A mind is a terrible thing to use.
c u n d gulag
You’re all MISSING THE POINT! This Republican called in from HIS VACATION IN SWITZERLAND! SWITZERLAND?
Not his vacation in Fort Worth, or El Paso, or Dallas, or Houston, or even those socialist strongholds like LA, Chicago, or NY City.
He’s vacationing, not doing research, in the ULTIMATE SOCIALIST STATE: SWITZERLAND! Why is he spending hard-earned American dollars (not that HE worked hard for them) there? What, China was too crowded? He doesn’t like MSG in his food (which they don’t serve over there, from I’ve I’ve heard)?
WTF?!?!?!?!?!?!?!?!
pattonbt
@joe from Lowell:
I’m generally in the camp that does not think immigration reform is a winner, short term, for the Dems politically. No rational debate will be allowed to be held so that Dem positions will not be “OH MY GOD DEATH PANELS” and “They’re takin’ our jobs!!”. We do not have rational debate in the US and immigration is an issue that does not fit nicely into Dem v Rep.
However…….
One thing that always favors Dems in the immigration debate is to get the race baiting Rep’s to show their true colors. That is the only way Dems win. So if Rep’s can keep the dog whistle components down (which for some of them will be a herculean task I admit) they can do their usual demagogue song and dance and the Dems will pay.

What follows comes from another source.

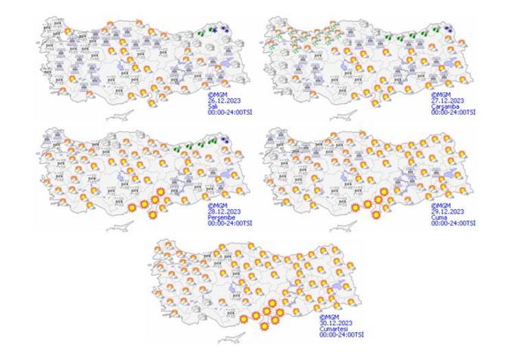 Meteoroloji Genel Müdürlüğü tarafından yapılan son değerlendirmelere göre: Ülkenin kuzey ve doğu kesimlerinin parçalı ve çok bulutlu, Doğu Karadeniz kıyılarının(Giresun hariç) yağmur ve sağanak, Doğu Karadeniz’in iç kesimleri ile Ardahan çevrelerinin karla karışık yağmur ve kar yağışlı, diğer yerlerin az bulutlu ve açık geçeceği tahmin ediliyor. Yağışların; Artvin çevrelerinde kuvvetli olması bekleniyor.

I just really do not like this idea as a “winning” political “tactic” for Dems. Now, I do think immigration reform’s time has come and needs to be done and I’d like the Dems to take a hard principled stand and do the right thing, be politically tough and push through the inevitable BS machine of the media and Reps and make some headway. I can hope. But being a cynic I am doubtful.